Testing is in progress.
Added a new function on the Catalog in a separate file instead of piling on in catalog.rs.

Checklist

This PR has adequate test coverage / QA involvement has been duly considered. (trigger-ci for additional test/nightly runs)
This PR has an associated up-to-date design doc, is a design doc (template), or is sufficiently small to not require a design.
If this PR evolves an existing $T ⇔ Proto$T mapping (possibly in a backwards-incompatible way), then it is tagged with a T-proto label.
If this PR will require changes to cloud orchestration or tests, there is a companion cloud PR to account for those changes that is tagged with the release-blocker label (example).
If this PR includes major user-facing behavior changes, I have pinged the relevant PM to schedule a changelog post.

antiguru · 2024-09-17T13:17:51Z

src/compute/src/render.rs

+                // does not advance past the expiration time. Otherwise, we might write down incorrect
+                // data.
+                if let Some(timestamp) = self.expire_at.as_option().copied() {
+                    oks.expire_at(timestamp);


We could assign to oks to make sure that we're observing the frontier before any downstream operators.

This change would need to recreate the arrangement after the inspect, right?

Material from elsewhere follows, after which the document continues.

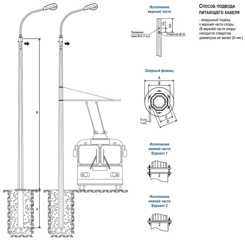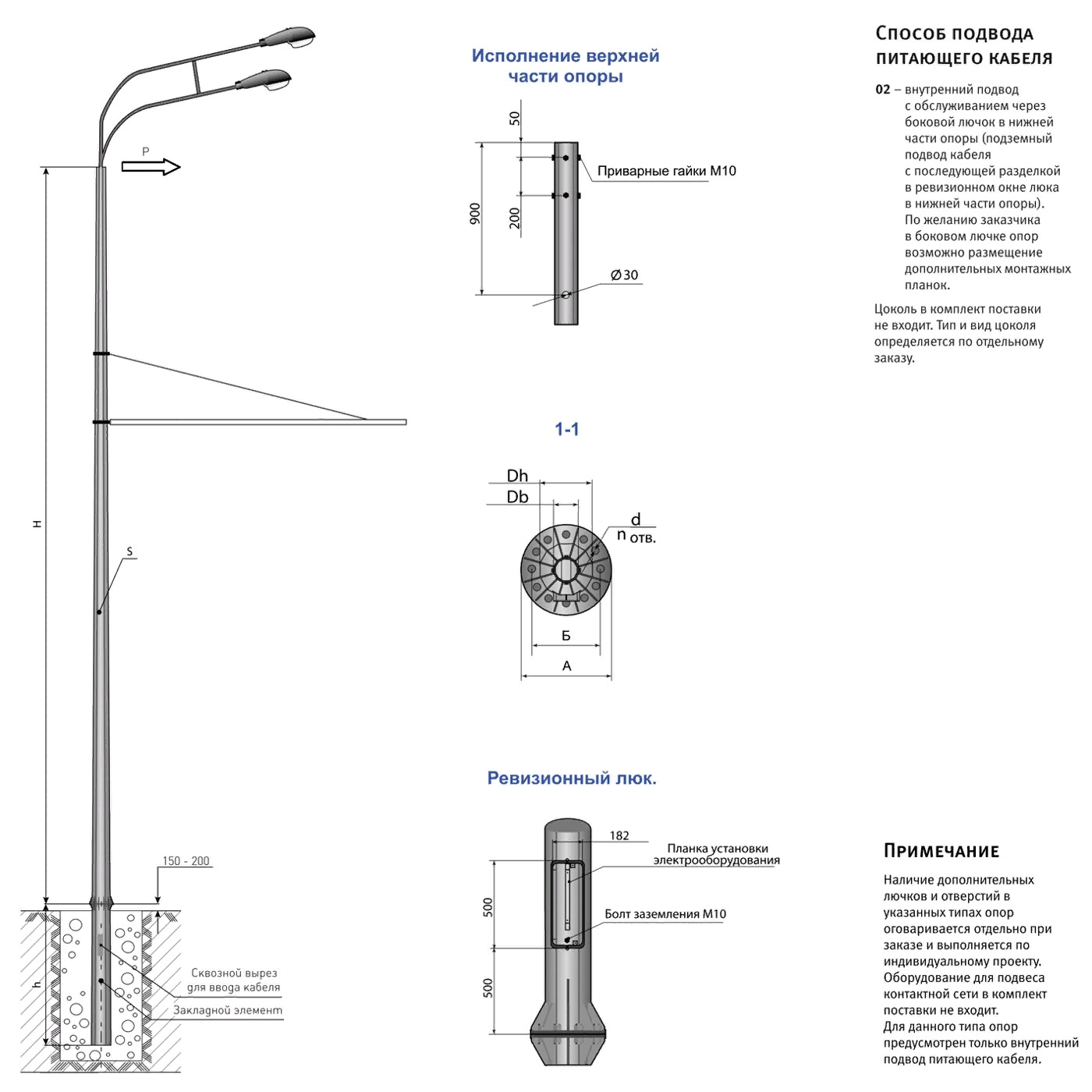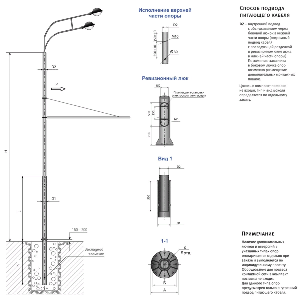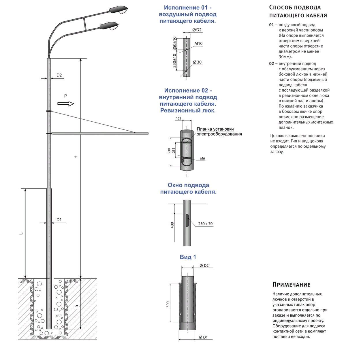 Подвод электрокабеля к опорам выполняется воздушным и подземным способом. Во втором случае разделка кабеля осуществляется в ревизионном окне люка, который располагается в нижней части опоры. При изготовлении конструкций под заказ возможно проектирование опор с дополнительными лючками и отверстиями.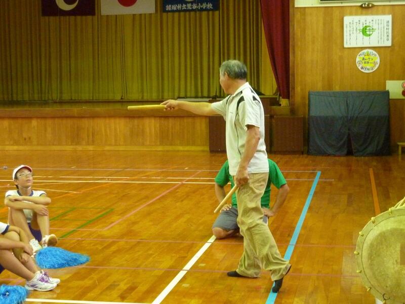 今日は、動き方の確認をしました。先者と呼ばれる子どもたち(6年生)に続いて、他の子どもたちも動いていきますが、その先者の動き方を地域の方が教えてくださいました。

sdht0 · 2024-09-19T04:02:29Z

Some notes:

Doesn't look like setting until in for_dataflow_in() is propagating to mpf.evaluate(), atleast in my testing. I've tracing back the calls and in many cases, until is just set to empty. I might be missing something, but we might have to go back to explicitly passing t_limit around.
- Specifically, mpf.evaluate() in PendingWork::do_work() does not use Context.until.
As per the Slack discussion, we'll have to handle the TimestampIndependent variant somewhere?

antiguru · 2024-09-19T10:59:20Z

until is just set to empty

That's expected! Dataflows that are valid for all times, and indexes/materialed views/subscribes without up-to should have an empty frontier. The Meet of the empty frontier with the expiration time should, however, set the until.

sdht0 · 2024-09-19T11:11:42Z

until is just set to empty

That's expected! Dataflows that are valid for all times, and indexes/materialed views/subscribes without up-to should have an empty frontier. The Meet of the empty frontier with the expiration time should, however, set the until.

Thanks for the reply! Yes I meant the second part. I can see that until is being set to t_limit, but that value is not propagating to one of the 3 mfp.evaluate() in do_work().

Did you test temporal filters in an index? For me, the data is not being dropped because until is empty.

src/adapter/src/optimize/index.rs

src/compute/src/compute_state.rs

src/compute-types/src/dyncfgs.rs

antiguru · 2024-09-19T18:51:29Z

Did you test temporal filters in an index?

What index did you test this with?

shepherdlybot · 2024-09-19T19:34:55Z

Mitigations

Completing required mitigations increases Resilience Coverage.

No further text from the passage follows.